TOKYO (Reuters) - Japanese factory output rose at the fastest pace in eight months and the jobless rate hit a two-decade low in February, a sign a rebound in overseas demand continued to brighten prospects for the country’s export-reliant economy.
But household spending remained soft and consumer inflation was flat when stripping away the effect of rising energy costs, underscoring the challenges the Bank of Japan faces in generating sustained price rises backed by steady wage growth.
The data may reinforce market expectations that while the BOJ’s next policy move could be to withdraw its massive stimulus, the timing would be some time away, analysts said.
“We can tell that Japan’s economy is benefiting from a cyclical pickup in the global economy,” said Masamichi Adachi, senior Japan economist at JPMorgan Securities.

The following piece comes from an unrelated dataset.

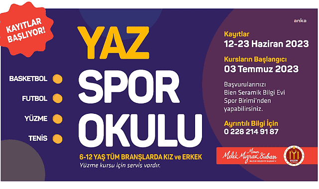 Bilecik Belediyesi tarafından her yıl düzenlenen Yaz Spor Okulları için yeni dönem kayıtları, 12 Haziran’da başlıyor. Çocukların verimli bir yaz dönemi geçirmeleri amacıyla Bilecik Belediyesi tarafından yaşama geçirilen Yaz Spor Okulları kapsamında basketbol, futbol, yüzme ve tenis kursları verilecek. Spor okullarına başvurular, 12-23 Haziran günleri arasında yapılacak.Kurslar ise Bilecik Belediyesi Bien Seramik Bilgi Evi Spor Birimi’nde 3 Temmuz itibarıyla başlayacak. 6-12 yaş arasındaki çocukların kayıt yaptırılacağı okullarda yüzme kursları için ulaşım hizmeti de verilecek. Vatandaşlar ayrıntılı bilgi için 0 228 214 91 87 numaralı telefonları arayabilecek.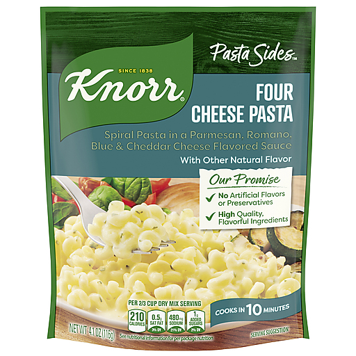 Treat your taste buds to Knorr Pasta Sides Four Cheese Pasta. Our pasta side Four Cheese Pasta expertly combines tender fusilli with a Parmesan, Romano, Blue, and Cheddar cheese-flavored sauce. In addition to tasting delicious, our pasta side dish is easy to prepare. Knorr Four Cheese Pasta Sides cooks in minutes on the stovetop, or in the microwave, and it's perfect as the base for a delicious main dish or as a standalone side dish. Make Knorr Pasta Sides the foundation of a crowd-pleasing dinner or an easy meal. Knorr Pasta Sides have no artificial flavors or preservatives, and no added MSG, except those naturally occurring glutamates. Use these easy pasta side dishes to create a mouth-watering main dish. Simply prepare Knorr Pasta Sides and add your favorite meat and vegetables to make a dinner your family is sure to love. You can find great recipes from Knorr, like our chef-inspired Fusilli with Chicken & Spinach. Discover more quick and delicious dinner ideas at Knorr.com. Hundreds of recipes are available to help you find dinner inspiration. We at Knorr believe that good food matters, and everyday meals can be just as magical as special occasions. Our products owe their taste and flavors to the culinary skills and passion of our chefs, and we source high-quality ingredients to create delicious side dishes, bouillons, sauces, gravies, soups, and seasonings enjoyed by families everywhere.

“But corporates are reluctant to raise prices because consumption is weak ... The simple answer for the government and the BOJ is to wait and see.”
Industrial output rose 2.0 percent in February from the previous month, beating market forecasts for a 1.2 percent gain to mark the biggest increase since June last year, as automakers ramped up production of new models, data showed on Friday.
Separate figures showed Japan’s jobless rate hit a 22-year low of 2.8 percent in February, down 0.2 percentage point from the previous month.
But household spending fell 3.8 percent in February from a year earlier, a bigger decline than market forecasts for a 1.7 percent drop, suggesting a tightening labour market has yet to drive up wages enough to boost consumption.
A rebound in energy costs pushed core consumer inflation to 0.2 percent in February, matching a median market forecast and marking the fastest annual pace in nearly two years.
But a separate consumer price index that excludes the effect of volatile fresh food and energy costs rose just 0.1 percent in February, suggesting that weak consumption was preventing companies from raising prices of non-energy items.
Tokyo core consumer prices, which are less influenced by gasoline costs and released a month ahead of nationwide figures, fell 0.4 percent in March from a year earlier. That was bigger than a 0.3 percent drop in February.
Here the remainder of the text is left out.